## Directions for this task
Wherever the line that contains "根据医院业务发展需求,近期拟" falls, repeat it and the lines after it exactly until the records end, without any pictures.

## Data for this exercise

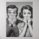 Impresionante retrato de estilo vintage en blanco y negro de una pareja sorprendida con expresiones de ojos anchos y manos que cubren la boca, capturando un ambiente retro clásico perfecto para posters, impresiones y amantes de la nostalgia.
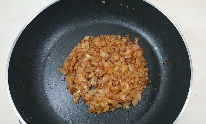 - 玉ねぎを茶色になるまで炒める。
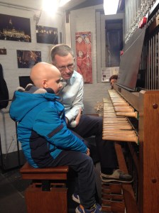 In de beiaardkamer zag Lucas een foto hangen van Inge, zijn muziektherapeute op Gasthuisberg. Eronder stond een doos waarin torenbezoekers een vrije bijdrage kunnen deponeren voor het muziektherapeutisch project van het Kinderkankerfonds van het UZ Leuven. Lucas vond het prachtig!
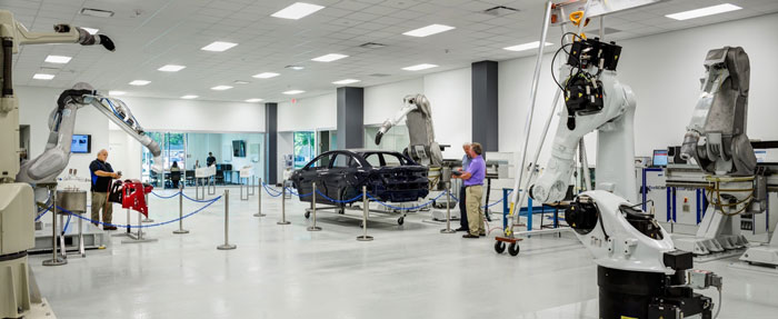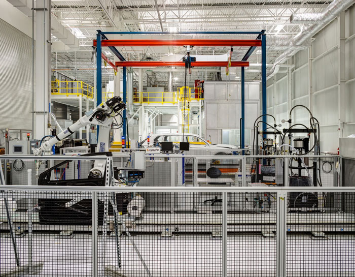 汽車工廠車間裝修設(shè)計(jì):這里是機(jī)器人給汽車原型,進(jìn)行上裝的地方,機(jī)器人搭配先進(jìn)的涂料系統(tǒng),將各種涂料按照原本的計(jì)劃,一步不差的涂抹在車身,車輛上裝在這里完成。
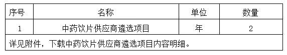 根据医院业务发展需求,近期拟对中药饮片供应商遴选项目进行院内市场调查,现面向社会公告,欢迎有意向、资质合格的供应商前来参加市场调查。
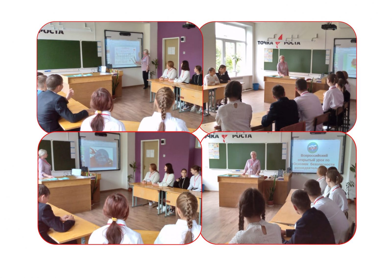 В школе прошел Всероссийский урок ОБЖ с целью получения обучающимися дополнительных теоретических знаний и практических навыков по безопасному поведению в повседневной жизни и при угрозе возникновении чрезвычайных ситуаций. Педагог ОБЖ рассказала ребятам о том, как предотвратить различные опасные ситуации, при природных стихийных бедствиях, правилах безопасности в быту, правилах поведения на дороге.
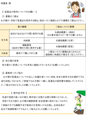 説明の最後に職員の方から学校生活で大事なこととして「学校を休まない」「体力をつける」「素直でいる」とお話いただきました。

## Output of the task
 根据医院业务发展需求,近期拟对中药饮片供应商遴选项目进行院内市场调查,现面向社会公告,欢迎有意向、资质合格的供应商前来参加市场调查。
 В школе прошел Всероссийский урок ОБЖ с целью получения обучающимися дополнительных теоретических знаний и практических навыков по безопасному поведению в повседневной жизни и при угрозе возникновении чрезвычайных ситуаций. Педагог ОБЖ рассказала ребятам о том, как предотвратить различные опасные ситуации, при природных стихийных бедствиях, правилах безопасности в быту, правилах поведения на дороге.
 説明の最後に職員の方から学校生活で大事なこととして「学校を休まない」「体力をつける」「素直でいる」とお話いただきました。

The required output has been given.